Cuando al neoliberal Popper le preguntaron ´´¿Cómo una persona tan inteligente como usted pudo ser marxista alguna vez?´´ Contestó: ´´Pensaba que era obligatorio´´. Esto parece una respuesta ingeniosa, pero la verdad es que es una declaración de falta de pensamiento crítico, sobre todo si después se hizo neoliberal. Evolucionar del marxismo a la socialdemocracia o al corporativismo tiene sentido. Dar el salto del marxismo al neoliberalismo es una muestra de mentalidad papanatas (aunque hoy en día estamos viendo la conexión entre ambas ideologías) Él creía que ´´era obligatorio´´ ser marxista, y, sin duda, creyó que ´´era obligatoria´´ la ´´sociedad abierta´´. Por otro lado, después de su colaboración con el anglicano Nobel de Fisiología John C. Eccles, en un tocho como ´´El Yo y su cerebro´´ fue incapaz (al contrario que Eccles) de hacer una afirmación clara y valiente a favor de la existencia del alma y de Dios, manteniéndose siempre en un prudente agnosticismo.
Nadar y guardar la ropa.

# Publicado por: Derechón (Galapagar)
viernes, 7 de septiembre de 2018

Hay que ir más lejos

Ciertamente el duo Marx-Popper (ambos judíos) ha terminado por fusionarse en un magma propagandístico para mejor beneficio de magnates y ´´trans-todo´´ (transexualidad, transhumanismo, etc.). Sabemos ahora de la falsa y oscurantista pugna entre los de la Frankfurt y los ´´liberales popperianos´´. Eso era solo para despistar: un simulacro de vías alternativas en un sistema ´´pluralista´´. Pero a mi ver, hay que ir a los fundamentos de la Modernidad para hallar el origen de nuestros males, la falsa centralidad egoica, la arbitraria certeza, el desprecio por lo dado y creado y el voluntarismo desatado, están en la base de esta ´´noche sin fin´´ que vivimos.

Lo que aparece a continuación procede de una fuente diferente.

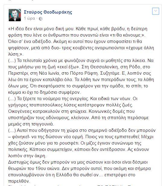 «Η ιδέα δεν είναι μόνο δική μου. Κάθε πρωί, κάθε βράδυ, η δεύτερη φράση που λένε οι άνθρωποι που συναντώ είναι «τι θα κάνουμε;».Όλοι σ’ ένα αδιέξοδο. Ακόμη κι αυτοί που έχουν αποφασίσει τι θα ψηφίσουν, μετά από δυο- τρεις κουβέντες αναρωτιούνται «έχουμε άλλη λύση;».(…) Τα τελευταία χρόνια με φωνάζουν συχνά οι μαθητές στα λύκεια. Να τους μιλήσω για τη ζωή «εκεί έξω». Στη Θεσσαλονίκη, στη Ρόδο, στο Περιστέρι, στη Νέα Ιωνία, στο Πόρτο Ράφτη. Συζητάμε. Ε, λοιπόν σας λέω ότι τα έχουν καταλάβει όλα. Τα λάθη των πατεράδων τους, τα λάθη όλων μας. Ότι σκεφτόμαστε το συμφέρον για την ομάδα, το σπίτι, το κόμμα κι όχι το δημόσιο συμφέρον.(…) Τα ξέρετε τα νούμερα της ανεργίας. Και ειδικά των νέων. Οι γρήγορες τσαπατσούλικες λύσεις κατέστρεψαν πολλές ζωές. Οικογένειες κατρακυλούν στη φτώχεια. Κοινωνικές δομές που υποστήριζαν τους αδύναμους, κλείνουν. Από τη σπατάλη περάσαμε μεμιάς στη τσιγκουνιά.(…) Αυτοί που οδήγησαν τη χώρα στο σημερινό αδιέξοδο δεν μπορούν – φάνηκε!- να της δώσουν νέα ορμή. Ποιος να τους εμπιστευθεί; Μέχρι χθες ζούσαν μόνο για το ρουσφέτι. Οι μίζες έγιναν συνώνυμο της πολιτικής. Κάποιοι συμμετείχαν, κάποιοι δεν αντέδρασαν. Ας κάνουν λοιπόν στην άκρη.Δυστυχώς όμως δεν μπορούν να μας σώσουν και όσοι είναι δέσμιοι θεωριών του 19ου αιώνα. Δεν μπορούν αυτοί, που ακόμη και σήμερα επαναλαμβάνουν ότι η Ελλάδα θα σωθεί αν… επιστρέψει στο παρελθόν.Γι’ αυτό λοιπόν αποφασίσαμε να κάνουμε «ΤΟ ΠΟΤΑΜΙ». Ποιοι το αποφασίσαμε; Άνθρωποι με τα ίδια ερωτήματα.Φοιτητές, διανοούμενοι, οικονομολόγοι, εργάτες, καλλιτέχνες, άνεργοι, έμποροι, γιατροί, αρχιτέκτονες. Μια ομάδα που έχει μυαλό και δύναμη – τη δύναμη της λογικής και του δίκιου.(…) Δεν είναι εύκολο, το ξέρω, να αλλάξουμε συνήθειες. Αλλά δεν υπάρχει άλλος δρόμος για να αλλάξουμε ζωή.Καλημέρα λοιπόν και ελπίζω να συναντηθούμε. Τολμήστε το».

# Publicado por: miguel (madrid)
viernes, 7 de septiembre de 2018

Comentario al texto de Steuckers

Difiero bastante con el autor con respecto a la iniciativa y la evaluación del popperismo como una alternativa contraria al marxismo cultural. Como ya lo han señalado muchos historiadores y biógrafos de Popper, a pesar de sus críticas al marxismo, en su juventud, Popper perteneció al partido comunista y militó en él antes de su desencanto antes de la Segunda Guerra Mundial. El liberalismo y el socialismo son en realidad dos brazos conjuntos de la revolución que buscan destruir la bella sociedad europea hasta sus cimientos. El liberalismo proclama el anarquismo, la sensualidad, el nihilismo puro y sin cortapisas que marcha en contra de la Naturaleza y de Dios. El socialismo se basa en el igualitarismo, el orgullo y la destrucción de las jerarquías, las diferencias y las culturas. Ambos aplanan el mundo y lo vuelven gris, feo y sin contenido. Intentar sacar del populismo, que Chantal Moffe hace un medio para instaurar el comunismo, me parece un grave error que corren todos estos movimientos identitarios y neopopulistas que terminaran favoreciendo a los amigos del sistema, como lo hicieron los descalabros políticos de los movimientos fascistas y nacional-socialistas del siglo XX.